» **TASK**
At the line with "Portfel damski, który", start transcribing; stop after the last line of the data below. Keep it exact and leave pictures out.

» **EXERCISE DATA**
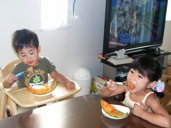 美映からも有佳里と光汰朗の写真と動画が届いた。 | メロンを大きな口を開けて食べている写真と 「お名前は?」「何歳ですか?」の質問に答えている光汰朗の動画→ここ 「わざと赤ちゃん言葉で話しているの?」と聞いてしまったが、普通に話しているよと。。。 有佳里の「お名前は?」の動画はどんな話し方をしているか「有佳里のページ」を見てみた。 2歳3ヶ月の有佳里は、ずいぶんと小さい感じだ。 その動画は→ここ そしてマロンがほんの少しだけ写っていた。 何度も見てしまった。 有佳里とマロンは、いいコンビだったと懐かしく思い出した。 そして光汰朗はオムツが、すっかり取れてラクになったと美映が言っていた。 私が愛知に行っている間、特訓中で居間におしっこをもらして水たまりを作っていた。 朝大が生まれたばかりで、オムツが2人分重なり、かなりのゴミの量で大変だった。 すっかり取れるまで2〜3週間かかったけど、今は完璧だよってママも喜んでいた。 |
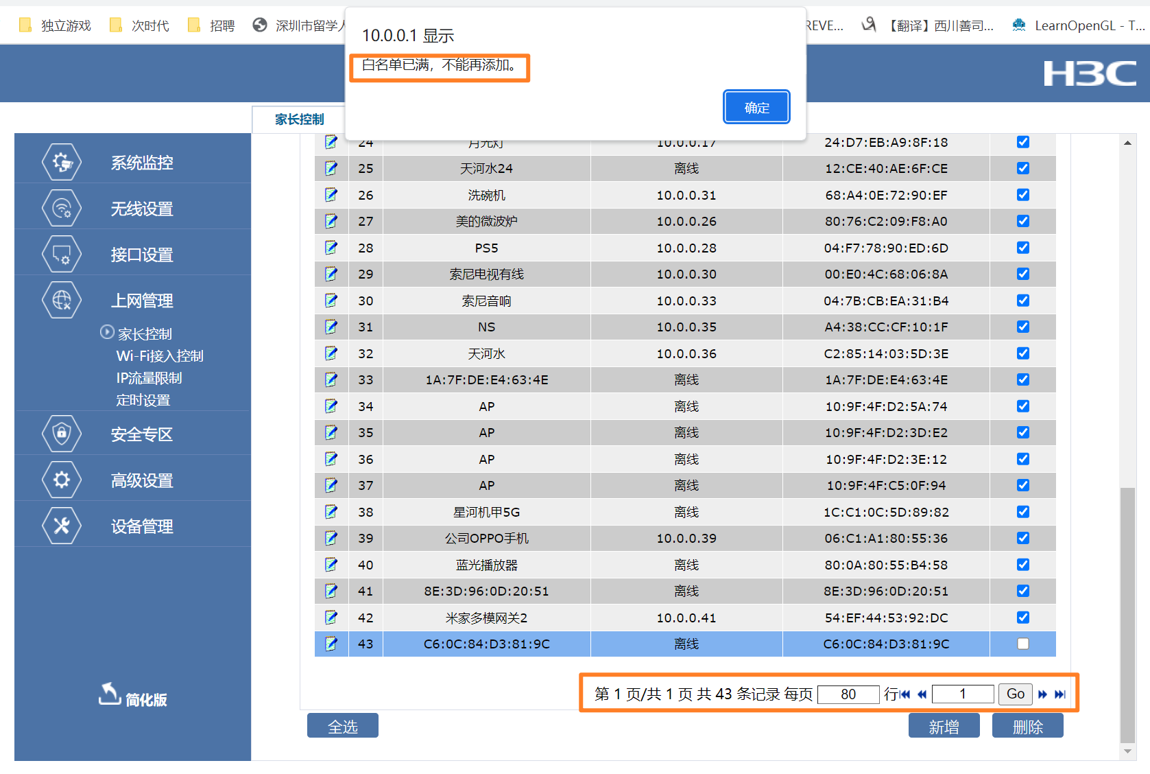 NX15000路由器,只能接入42个设备,再加入会显示白名单已满。
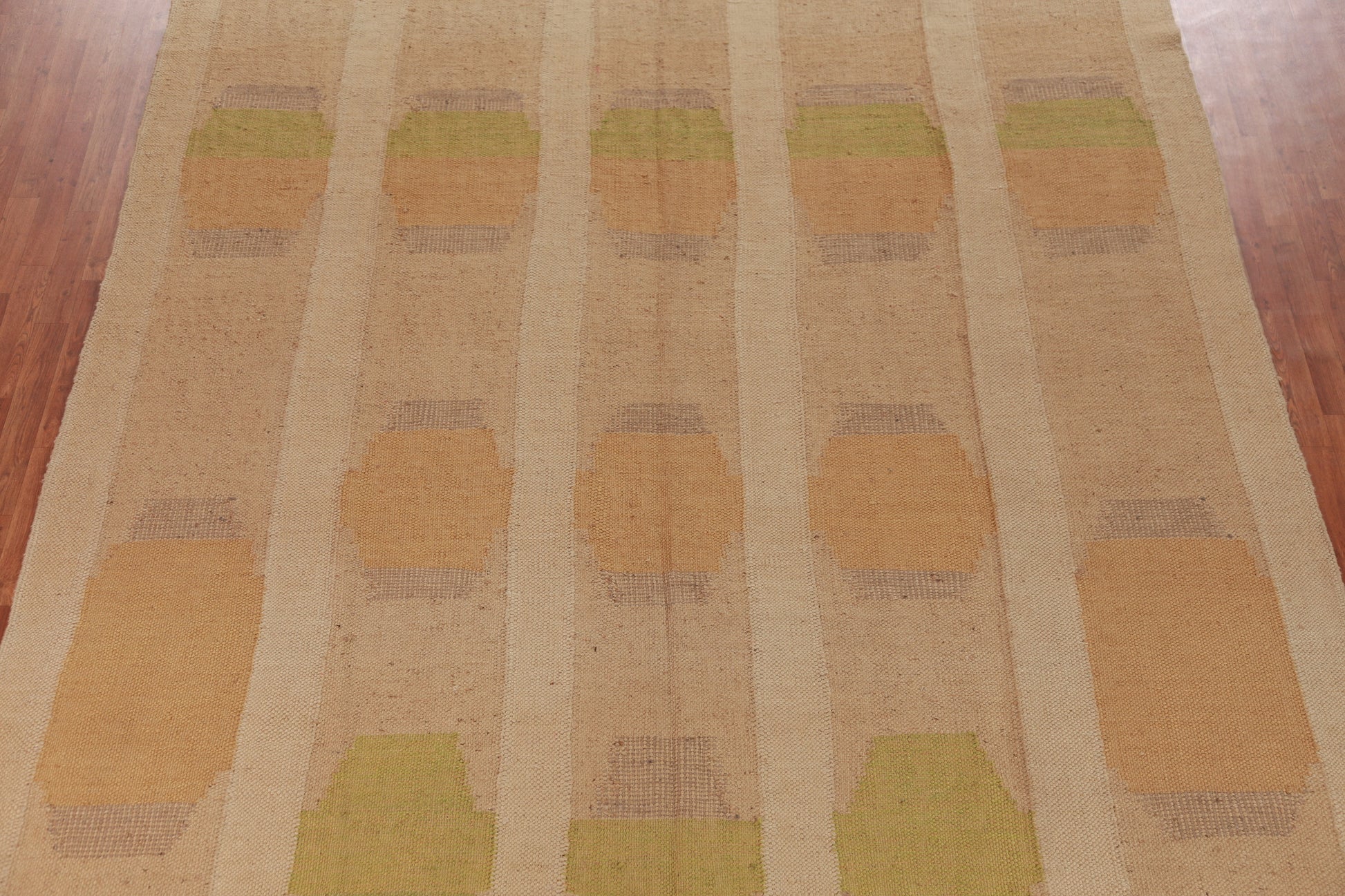 A Beautiful Genuine Turkey Kilim rug is Hand Woven by skillful weavers in Turkey with 100% Jute Material. This rug is in New, First Quality condition. dimensions are 14' 1'' X 9' 11'' in foot and 429 X 302 in centimeter. the primary color is Peach.
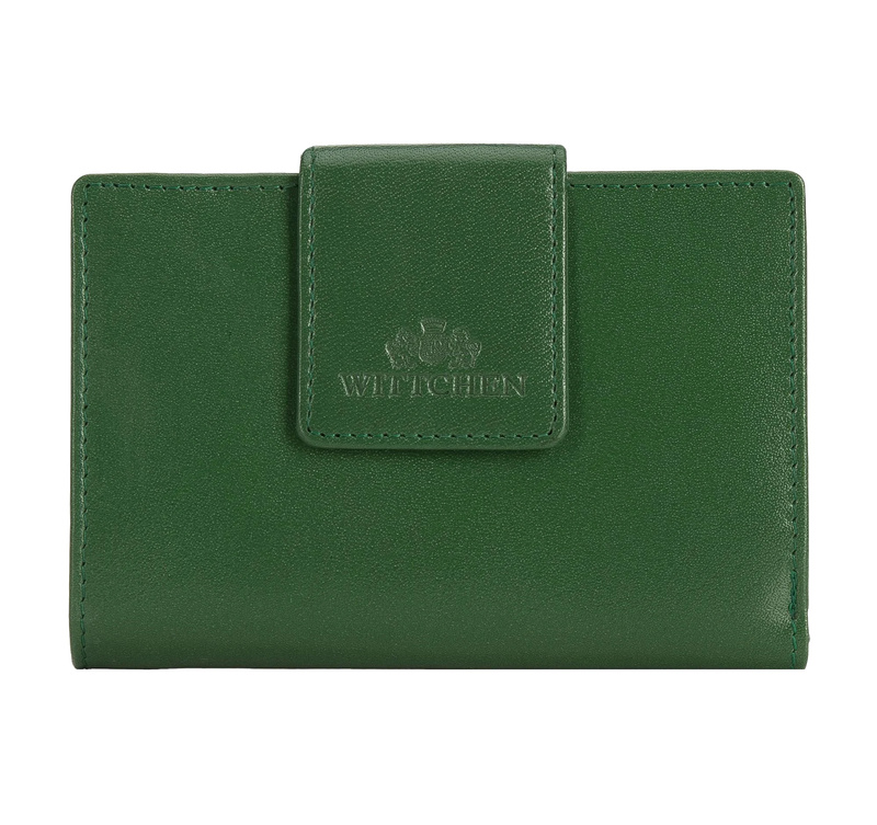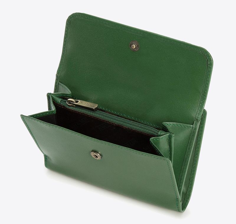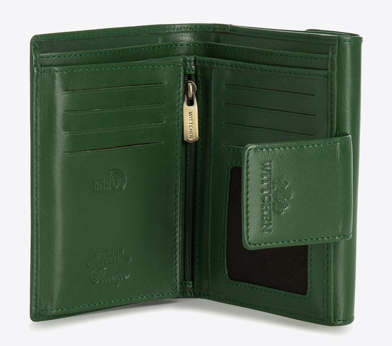 Portfel damski, który oferujemy, posiada kieszeń na bilon na zewnątrz, zamykaną na zatrzask. Z drugiej strony po otwarciu portfela, od góry podwójna kieszeń na banknoty, natomiast po bokach i na środku kieszenie na karty lub wizytówki oraz większe kieszenie dodatkowe na dokumenty, w tym trzy z siateczką. Jest bardzo wygodny w użytkowaniu, ponieważ posiada małe wymiary, 10 cm x 14,5 cm, dzięki czemu idealnie zmieści się do torebki. Główna część portfela zapinana jest na napę z zatrzaskiem. Posiada wytłoczone logo firmy Wittchen, zyskując tym na oryginalności i wyjątkowości.
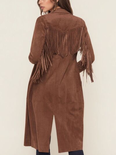 Fringe Lapel Collar Long Sleeve Coat
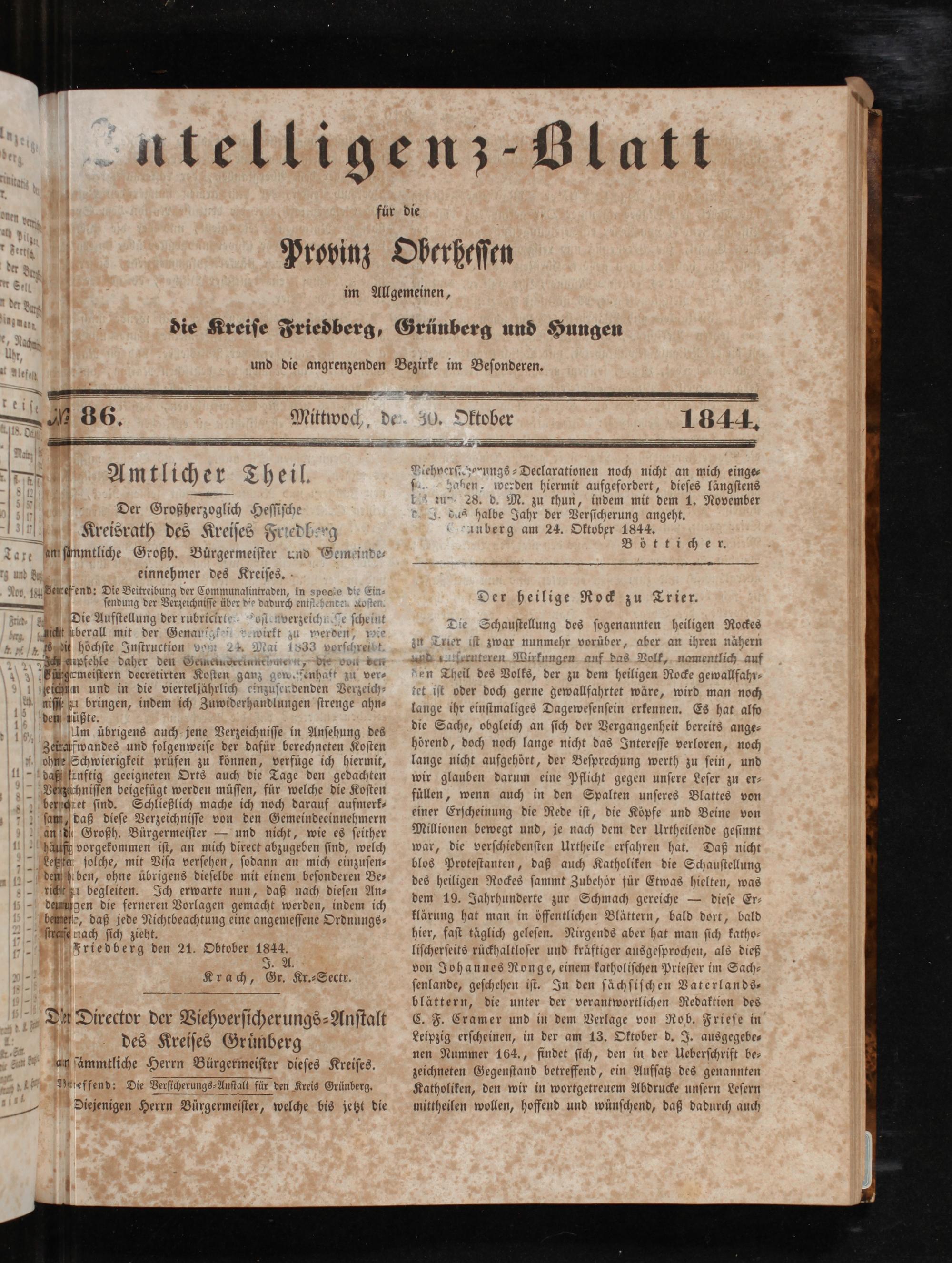 Intelligenzblatt für die Provinz Oberhessen. 1834-1834
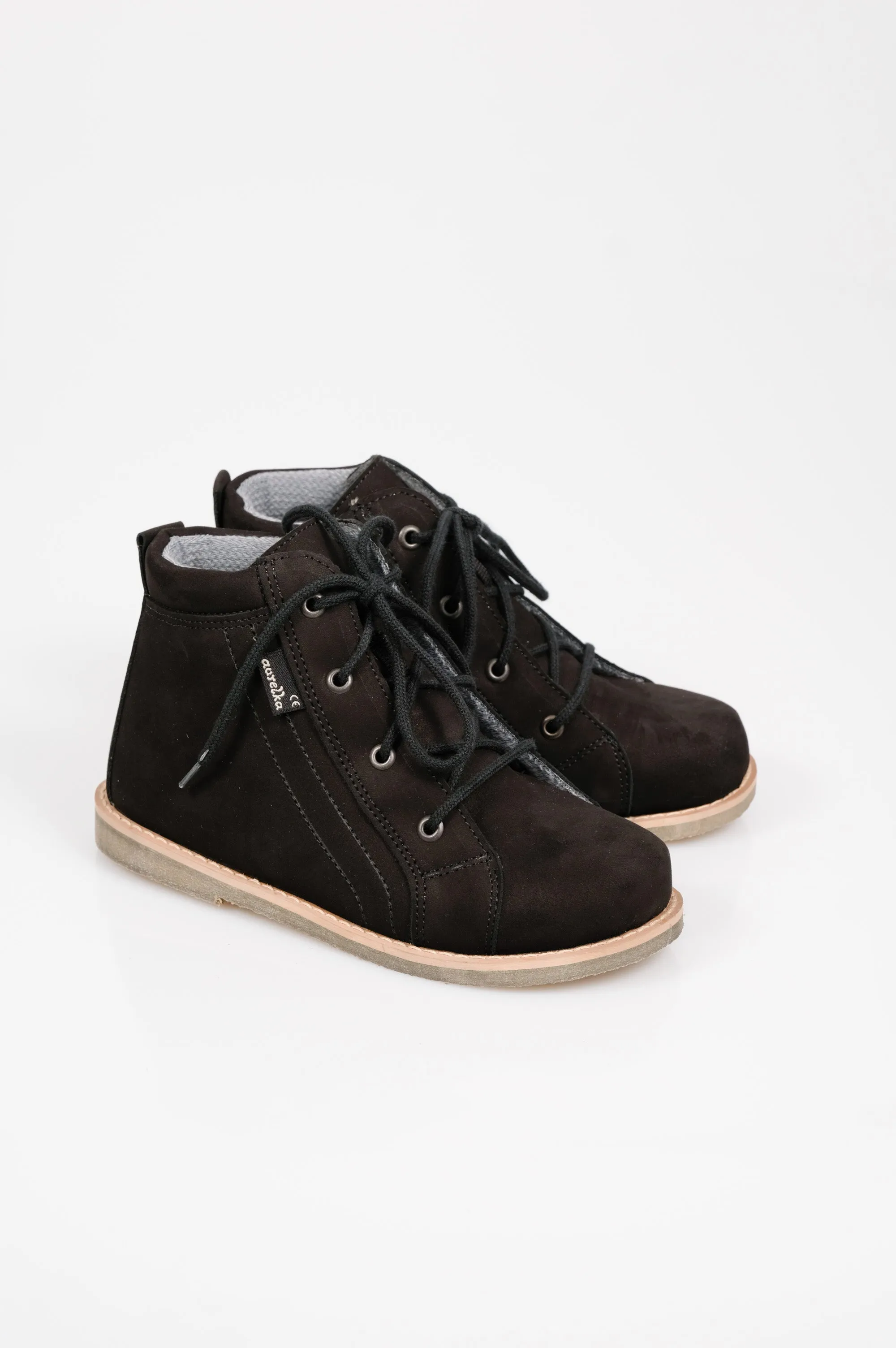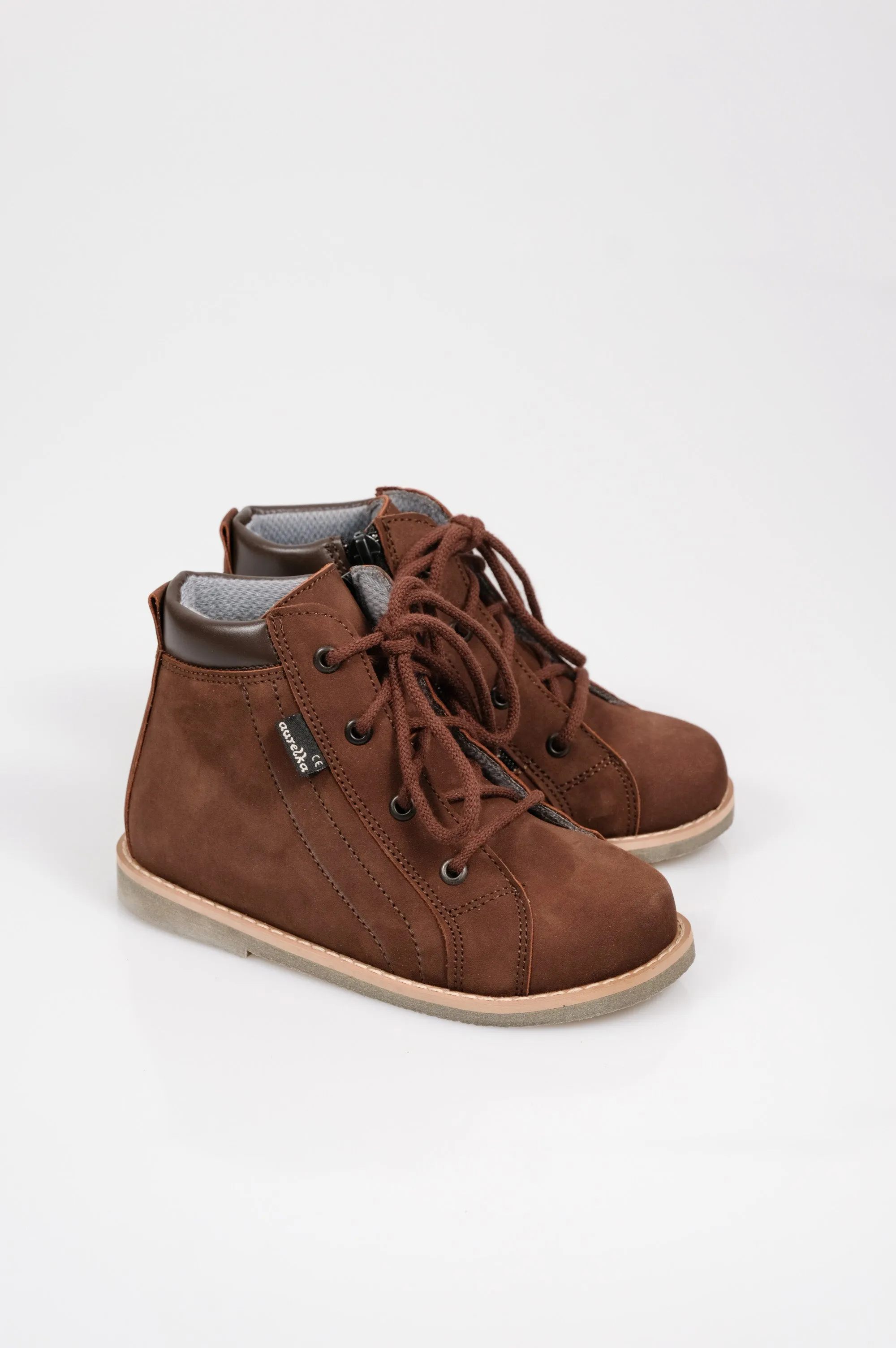 Obuwie zawiera wmontowany na stałe element podnoszący łuk podłużny (supinacja) oraz korytkowe osadzenie pięty (w celu ustabilizowania pięty) Wysokość supinacji ok 1 cm. Model ten jest wyposażony w wygodny suwak z boku ułatwiający zakładanie bucików.

» **YOUR SOLUTION**
 Portfel damski, który oferujemy, posiada kieszeń na bilon na zewnątrz, zamykaną na zatrzask. Z drugiej strony po otwarciu portfela, od góry podwójna kieszeń na banknoty, natomiast po bokach i na środku kieszenie na karty lub wizytówki oraz większe kieszenie dodatkowe na dokumenty, w tym trzy z siateczką. Jest bardzo wygodny w użytkowaniu, ponieważ posiada małe wymiary, 10 cm x 14,5 cm, dzięki czemu idealnie zmieści się do torebki. Główna część portfela zapinana jest na napę z zatrzaskiem. Posiada wytłoczone logo firmy Wittchen, zyskując tym na oryginalności i wyjątkowości.
 Fringe Lapel Collar Long Sleeve Coat
 Intelligenzblatt für die Provinz Oberhessen. 1834-1834
 Obuwie zawiera wmontowany na stałe element podnoszący łuk podłużny (supinacja) oraz korytkowe osadzenie pięty (w celu ustabilizowania pięty) Wysokość supinacji ok 1 cm. Model ten jest wyposażony w wygodny suwak z boku ułatwiający zakładanie bucików.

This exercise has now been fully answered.